What needs to be done: Between the line containing "The Indian Institute" and the line containing "明家 SP-408 1開4插電腦延長線6呎/ 條" lies a run of lines; give that run again exactly, with both of those lines, and nothing else from the entries below.

Segment Start: Input

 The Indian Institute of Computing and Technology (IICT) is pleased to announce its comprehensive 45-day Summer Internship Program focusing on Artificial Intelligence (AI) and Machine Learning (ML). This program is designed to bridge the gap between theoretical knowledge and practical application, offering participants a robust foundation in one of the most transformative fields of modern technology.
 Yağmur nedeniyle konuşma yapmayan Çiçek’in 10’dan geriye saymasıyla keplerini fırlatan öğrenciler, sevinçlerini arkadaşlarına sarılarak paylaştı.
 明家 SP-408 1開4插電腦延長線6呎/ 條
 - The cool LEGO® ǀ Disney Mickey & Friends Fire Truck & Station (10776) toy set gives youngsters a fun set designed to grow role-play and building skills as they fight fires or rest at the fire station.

Segment End: Input
Segment Start: Input

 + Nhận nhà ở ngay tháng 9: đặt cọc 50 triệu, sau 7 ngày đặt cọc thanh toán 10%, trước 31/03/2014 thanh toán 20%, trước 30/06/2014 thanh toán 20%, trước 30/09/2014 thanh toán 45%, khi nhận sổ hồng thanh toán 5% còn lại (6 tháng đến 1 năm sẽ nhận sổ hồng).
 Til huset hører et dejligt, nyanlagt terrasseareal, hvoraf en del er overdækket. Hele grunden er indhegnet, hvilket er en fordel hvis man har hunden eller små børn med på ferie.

Segment End: Input

Response to the exercise:
 The Indian Institute of Computing and Technology (IICT) is pleased to announce its comprehensive 45-day Summer Internship Program focusing on Artificial Intelligence (AI) and Machine Learning (ML). This program is designed to bridge the gap between theoretical knowledge and practical application, offering participants a robust foundation in one of the most transformative fields of modern technology.
 Yağmur nedeniyle konuşma yapmayan Çiçek’in 10’dan geriye saymasıyla keplerini fırlatan öğrenciler, sevinçlerini arkadaşlarına sarılarak paylaştı.
 明家 SP-408 1開4插電腦延長線6呎/ 條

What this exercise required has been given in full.